What you are asked to do
Repeat the data in full. Drop every picture.

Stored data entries
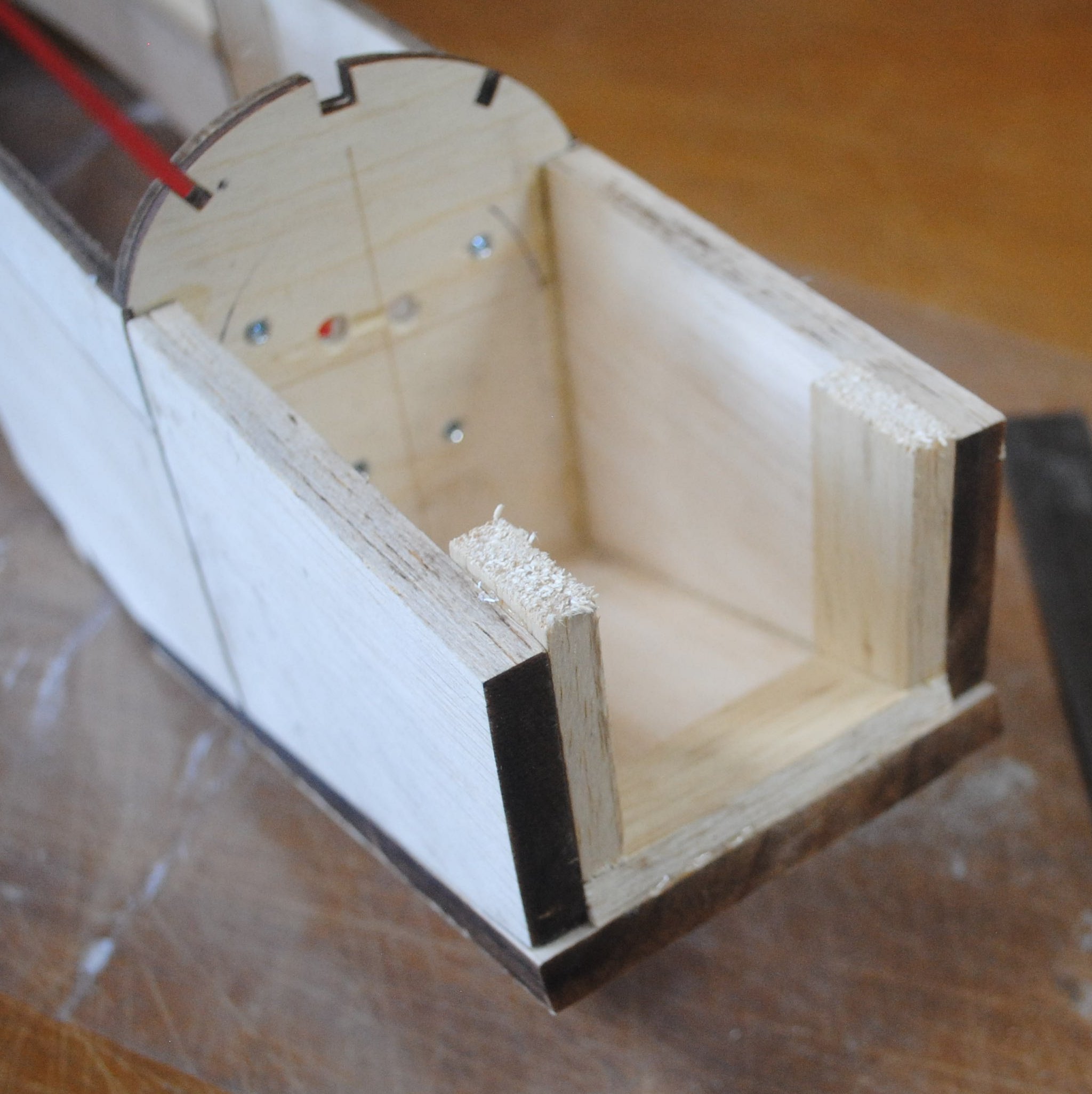 Now that the bottom is on, the inside of the tank compartment can be fuel proofed. You can use dope, thinned epoxy, finishing resin, or whatever fuel proofing you like.
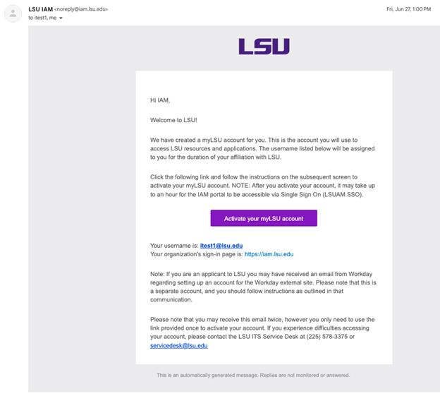 All newly created LSU accounts will receive the same activation email and require the same activation process.
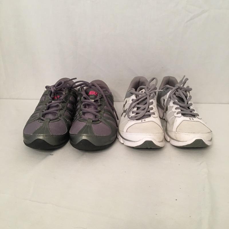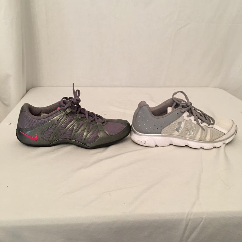 Ladies sports wear and shoes includes shoes by Nike, Under Armour, New Balance and also included are some sport wear by Calvin Klein, Chico’s, Onieta, Jones New York, The Tog Shop and more. See pictures for sizes. Get ready for your workout or just running about town.
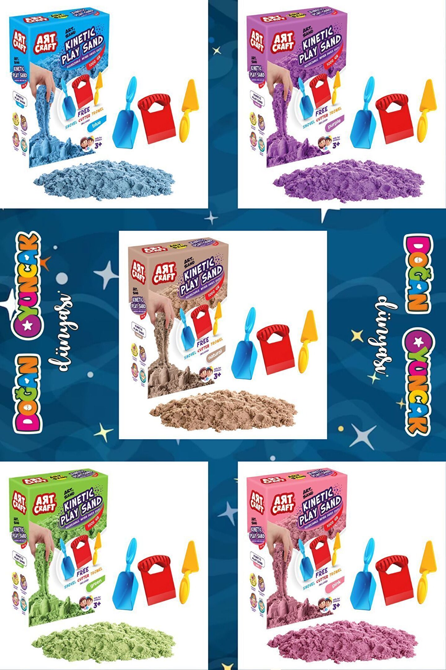 Doğan Oyuncak Dünyası yepyeni ve çok kaliteli bir set ile yine karşınızda! ; Bu sette yok, yok! ; Bu set 5 ayrı renkli kumdan oluşmaktadır. ; Her renk ayrı bir kutuda gelmektedir. ; Set tam 5 ayrı üründen oluşmaktadır. ; Her ürün ayrı bir paket ile gelmektedir. ; Bu kinetik kum seti çok zevkli ve çok eğlenceli ; Çocukların azıcık bile kum sevgisi var ise, bu set o çocuk için bir harika. ; Görseldeki tüm setler bir paket içerisinde gelecektir. ; Bu harika seti kim istemez ki? ; Her pakette 1000 gr. kinetik kum bulunmaktadır. Yani Toplam 5 kg. kinetik kum olacak. ; Görseldeki tüm aksesuarlar paketlerin içinde bulunmaktadır. ; Kinetik kumların kesinlikle sağlığa zararları yoktur. ; CE Standartlarına uygun olarak üretilmiştir. ; Kinetik Kum Özellikleri: Kinetik kum kesinlikle kurumaz, tek yapmamanız gereken şey ıslak elle oynamamak. ; Tüm setin, tüm parçaları Türkiye'de üretilmiştir. ; Sağlığa herhangi bir zararı yoktur. ; Paket İçeriği: ; Aksesuarlı Naturel Kinetik Oyun Kumu 1000 gr ; Aksesuarlı Pembe Kinetik Oyun Kumu 1000 gr ; Aksesuarlı Mor Kinetik Oyun Kumu 1000 gr ; Aksesuarlı Yeşil Kinetik Oyun Kumu 1000 gr ; Aksesuarlı Mavi Kinetik Oyun Kumu 1000 gr ;
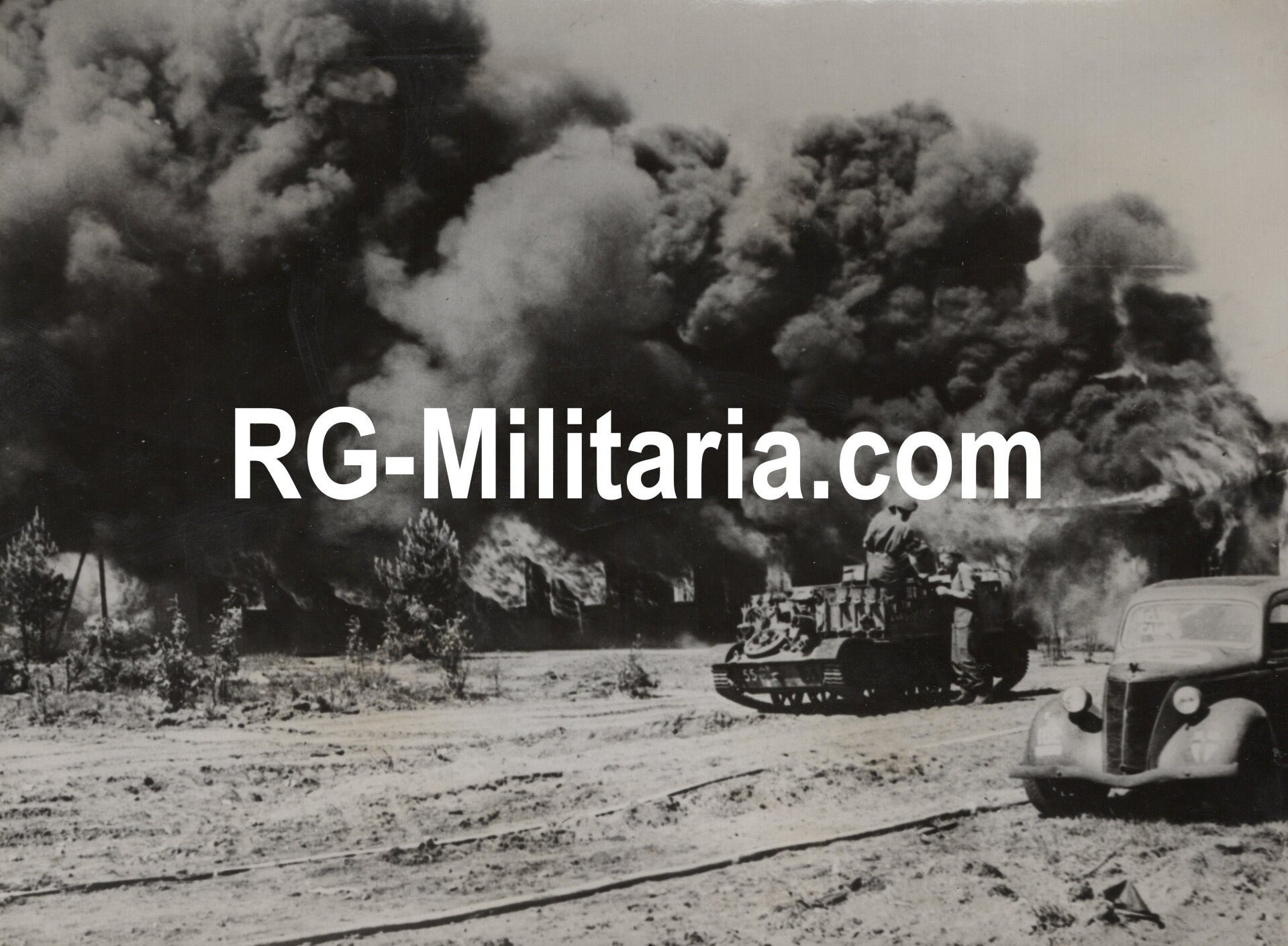 Original WW2 French Press Photo - Allied soldiers on a Bren Gun Carrier with a Second Army carApproximately 17 x 12 cmOriginele Wo2 Franse Persfoto - Britse militairen met een Second Army AutoOngeveer 17 x 12 cm
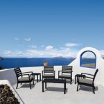 Artemis XL outdoor seating set of four black club arm chairs with taupe cushions and one rectangle coffee table. Modern design with simple lines. Made from commercial grade polypropylene. Club chairs stack. Casual and modern design make it suitable for indoors and outdoors. Polypropylene fame resists sun, oils, chlorine and all outdoor conditions. Great casual seating choice for outdoor areas. Chairs certified for strict European standards by CATAS Italian research institute and test laboratory.
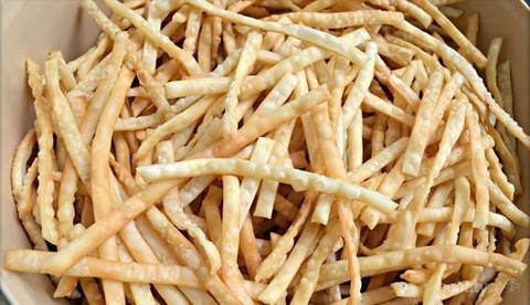 5) Langkah berikutnya adalah menggoreng adonan yang sudah dipotong di dalam minyak panas dengan api sedang. Goreng sampai berwarna kuning agak kecokelatan.
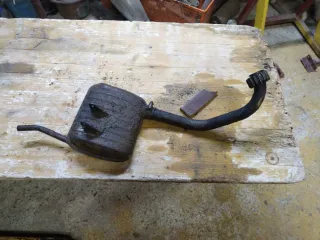 Marmitta di scarico per Garelli VIP e GULP degli anni '80. Sporco da lavare, ma non intasato il ciclomotore tirava benissimo, presenta nel collettore un colpo.
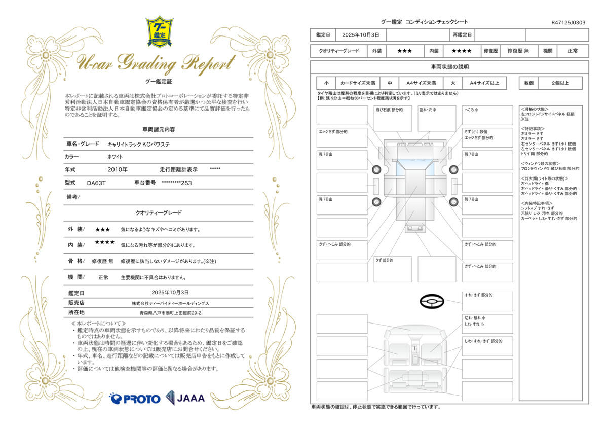 | 車両状態評価書 | ※クリックすると開きます![]() |
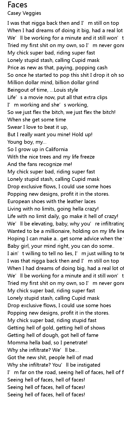 | I' m far on the road, seeing hell of faces, hell of faces | |
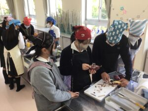 中学生になって初めての調理実習だったので、まずは包丁の使い方、自分やクラスメイトが怪我をしないために気をつけるべきことについて授業で考えてから実習に臨みました。
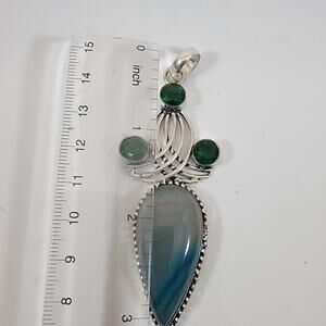 Handmade Silver Pendant with Teardrop Blue Agate and Green Quartz Gemstones Trio
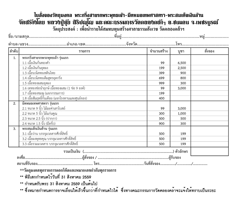 กำหนดวันเสกและรับวัตถุมงคลตามใบรายการจองพระเครื่อง

Output
 Now that the bottom is on, the inside of the tank compartment can be fuel proofed. You can use dope, thinned epoxy, finishing resin, or whatever fuel proofing you like.
 All newly created LSU accounts will receive the same activation email and require the same activation process.
 Ladies sports wear and shoes includes shoes by Nike, Under Armour, New Balance and also included are some sport wear by Calvin Klein, Chico’s, Onieta, Jones New York, The Tog Shop and more. See pictures for sizes. Get ready for your workout or just running about town.
 Doğan Oyuncak Dünyası yepyeni ve çok kaliteli bir set ile yine karşınızda! ; Bu sette yok, yok! ; Bu set 5 ayrı renkli kumdan oluşmaktadır. ; Her renk ayrı bir kutuda gelmektedir. ; Set tam 5 ayrı üründen oluşmaktadır. ; Her ürün ayrı bir paket ile gelmektedir. ; Bu kinetik kum seti çok zevkli ve çok eğlenceli ; Çocukların azıcık bile kum sevgisi var ise, bu set o çocuk için bir harika. ; Görseldeki tüm setler bir paket içerisinde gelecektir. ; Bu harika seti kim istemez ki? ; Her pakette 1000 gr. kinetik kum bulunmaktadır. Yani Toplam 5 kg. kinetik kum olacak. ; Görseldeki tüm aksesuarlar paketlerin içinde bulunmaktadır. ; Kinetik kumların kesinlikle sağlığa zararları yoktur. ; CE Standartlarına uygun olarak üretilmiştir. ; Kinetik Kum Özellikleri: Kinetik kum kesinlikle kurumaz, tek yapmamanız gereken şey ıslak elle oynamamak. ; Tüm setin, tüm parçaları Türkiye'de üretilmiştir. ; Sağlığa herhangi bir zararı yoktur. ; Paket İçeriği: ; Aksesuarlı Naturel Kinetik Oyun Kumu 1000 gr ; Aksesuarlı Pembe Kinetik Oyun Kumu 1000 gr ; Aksesuarlı Mor Kinetik Oyun Kumu 1000 gr ; Aksesuarlı Yeşil Kinetik Oyun Kumu 1000 gr ; Aksesuarlı Mavi Kinetik Oyun Kumu 1000 gr ;
 Original WW2 French Press Photo - Allied soldiers on a Bren Gun Carrier with a Second Army carApproximately 17 x 12 cmOriginele Wo2 Franse Persfoto - Britse militairen met een Second Army AutoOngeveer 17 x 12 cm
 Artemis XL outdoor seating set of four black club arm chairs with taupe cushions and one rectangle coffee table. Modern design with simple lines. Made from commercial grade polypropylene. Club chairs stack. Casual and modern design make it suitable for indoors and outdoors. Polypropylene fame resists sun, oils, chlorine and all outdoor conditions. Great casual seating choice for outdoor areas. Chairs certified for strict European standards by CATAS Italian research institute and test laboratory.
 5) Langkah berikutnya adalah menggoreng adonan yang sudah dipotong di dalam minyak panas dengan api sedang. Goreng sampai berwarna kuning agak kecokelatan.
 Marmitta di scarico per Garelli VIP e GULP degli anni '80. Sporco da lavare, ma non intasato il ciclomotore tirava benissimo, presenta nel collettore un colpo.
 | 車両状態評価書 | ※クリックすると開きます![]() |
 | I' m far on the road, seeing hell of faces, hell of faces | |
 中学生になって初めての調理実習だったので、まずは包丁の使い方、自分やクラスメイトが怪我をしないために気をつけるべきことについて授業で考えてから実習に臨みました。
 Handmade Silver Pendant with Teardrop Blue Agate and Green Quartz Gemstones Trio
 กำหนดวันเสกและรับวัตถุมงคลตามใบรายการจองพระเครื่อง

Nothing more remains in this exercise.